Thucydides. History of the Peloponnesian War. Crawley, Richard, translator. London and Toronto: J. M. Dent and Sons Ltd.; New York: E. P. Dutton and Co., 1914.

After this arrived a thousand Athenian heavy infantry and three hundred horse, under the command of Laches and Nicostratus; whom the Argives, being nevertheless loth to break the truce with the Lacedaemonians, begged to depart, and refused to bring before the people, to whom they had a communication to make, until compelled to do so by the entreaties of the Mantineans and Eleans, who were still at Argos.

The Athenians, by the mouth of Alcibiades their ambassador there present, told the Argives and the allies that they had no right to make a truce at all without the consent of their fellow-confederates, and now that the Athenians had arrived so opportunely the war ought to be resumed.

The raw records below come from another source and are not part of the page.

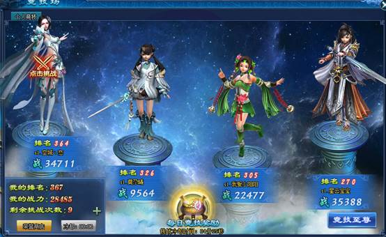 玩家可以在个人竞技场内与排名在自己之前的玩家进行切磋,胜利后可提升排名,每日将根据玩家的切磋排名发放排名奖励。
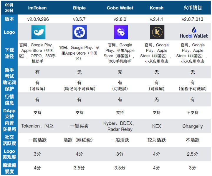 *本次测评的主力机型为 OPPO R9 PLus 和 iPhone X,安卓机已安装 Google Play 框架,iPhone 有美区 App Store 账号。每款钱包 App 因为版本不同,功能也有较大差异,因设备和网络问题,可能会与实际情况存在些许差异,如有疑问请留言或评论。本次测评中,logo 美观度与编辑偏爱程度为区块律动 BlockBeats 编辑的个人主观观点。
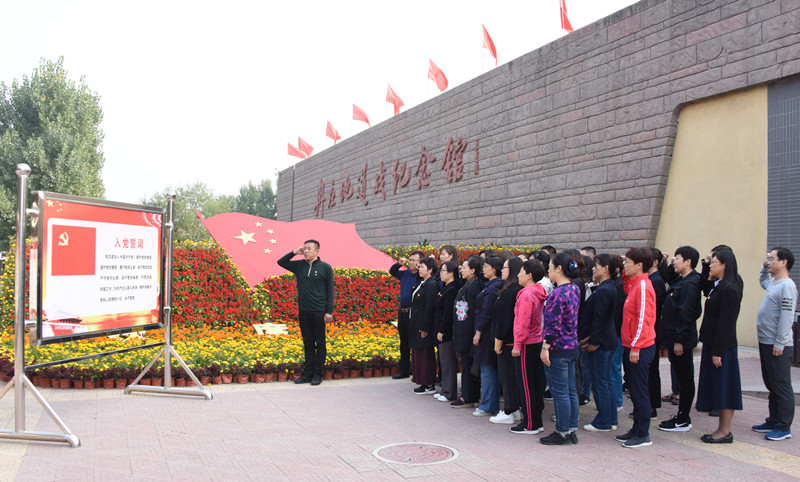 到达纪念馆后,第二党总支部书记陈健带领大家,重温入党誓词,缅怀革命先烈丰功伟绩。
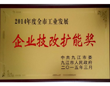 Jiujiang Municipal Committee of the Communist Party of China and Jiujiang Municipal People's Government jointly awarded the "2014 Municipal Industrial Development Enterprise Technical Transformation and Expansion Award".

These arguments proving successful with the allies, they immediately marched upon Orchomenos, all except the Argives, who, although they had consented like the rest, stayed behind at first, but eventually joined the others.

They now all sat down and besieged Orchomenos, and made assaults upon it; one of their reasons for desiring to gain this place being that hostages from Arcadia had been lodged there by the Lacedaemonians.

The Orchomenians, alarmed at the weakness of their wall and the numbers of the enemy, and at the risk they ran of perishing before relief arrived, capitulated upon condition of joining the league, of giving hostages of their own to the Mantineans, and giving up those lodged with them by the Lacedaemonians.